Xander pulled a novel, one he’d read before, from his rucksack and began to read.
Lady Audley’s Secret was perhaps a surprising choice for the Scoobies’ scholastic underachiever, but his work for the Council had awakened in Xander a thirst for the simple, uncomplicated, unmechanized leisures of life. He remembered acutely that first month in the desert before he’d come to terms with the differences between his life in Sunnydale and life in a developing country.
Of course the village didn’t have a television; it didn’t have electricity, either. Or running water. Or a septic system. Two weeks of a nagging restlessness, an itchy twitchy feeling under his skin, and Xander was ready to make some serious negotiations with Lucifer himself just to watch commercials. For anything. Even feminine hygiene products. He’d discovered in his first days at the camp that sitting around the fire listening to the aid workers translate tribal stories that sounded like brutal, strange poetry relieved his boredom more fully than he ever would’ve imagined. Xander also found that the passable singing voice he’d uncovered thanks to Sweet’s spell improved rapidly with practice.
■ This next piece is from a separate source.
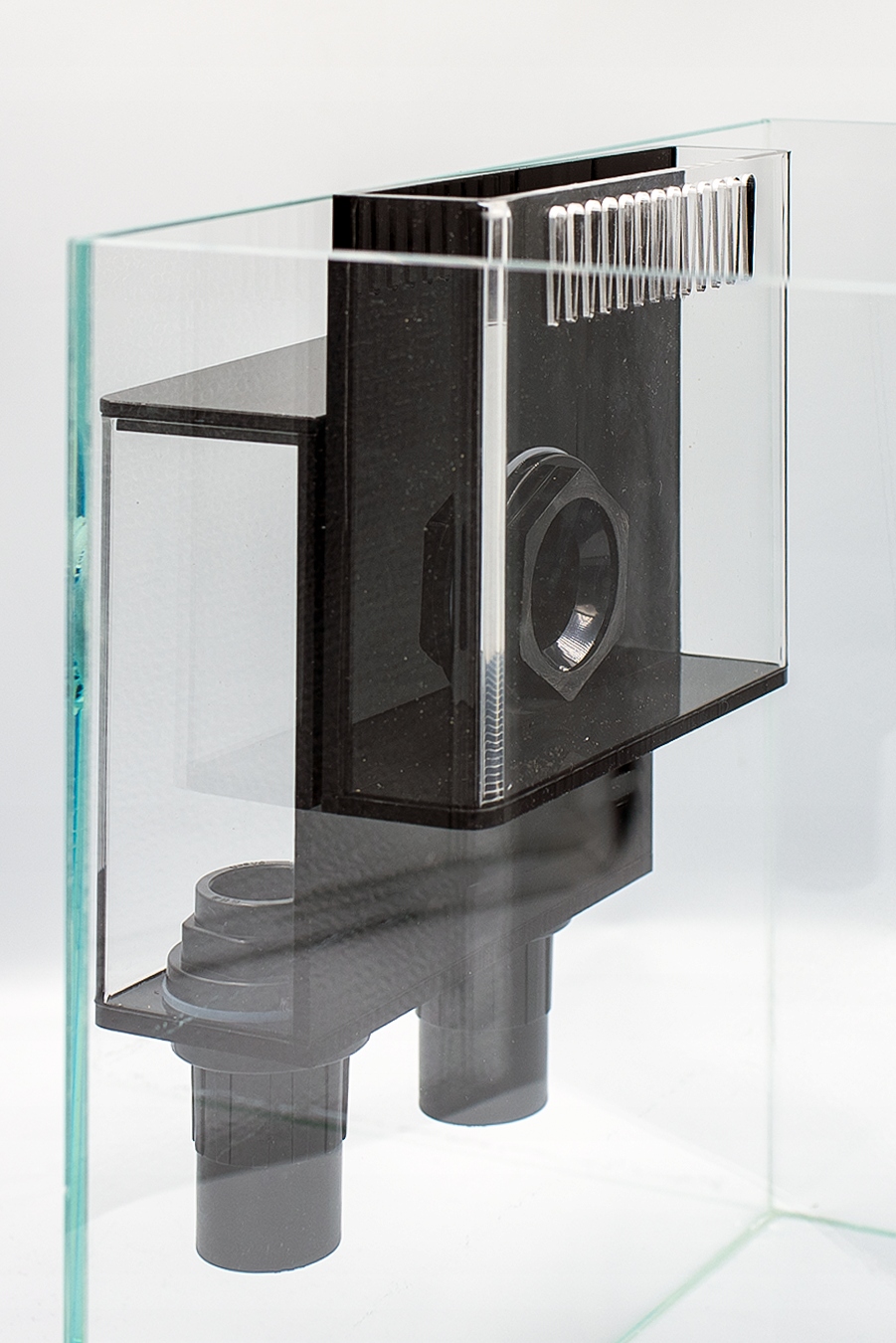 Цей інноваційний дизайн коробки створює дуже просту та безпечну систему переливу, яка є чудовою альтернативою стандартним димоходам. Завдяки нашому OF300 ви можете легко модифікувати свій акваріум, щоб адаптувати його для роботи з відстійником, просто зробіть отвір у склі акваріума за допомогою діркової пилки, що входить до комплекту, дотримуючись точних інструкцій

Fire time usually included several rounds of songs that often lasted into the late hours of the evening; Xander eagerly learned the words to African folk songs, old English ballads, and a surprising number of eighties’ top forty hits.
But alone in the night, when all the camp was sleeping, and Xander could feel the cold air wrapping around his body and seeping into his bones, could hear muffled crying, and smell the rot of sickness around him, he longed for the oblivion of television, the radio, the PlayStation. Something to drown out Africa and transport him somewhere else.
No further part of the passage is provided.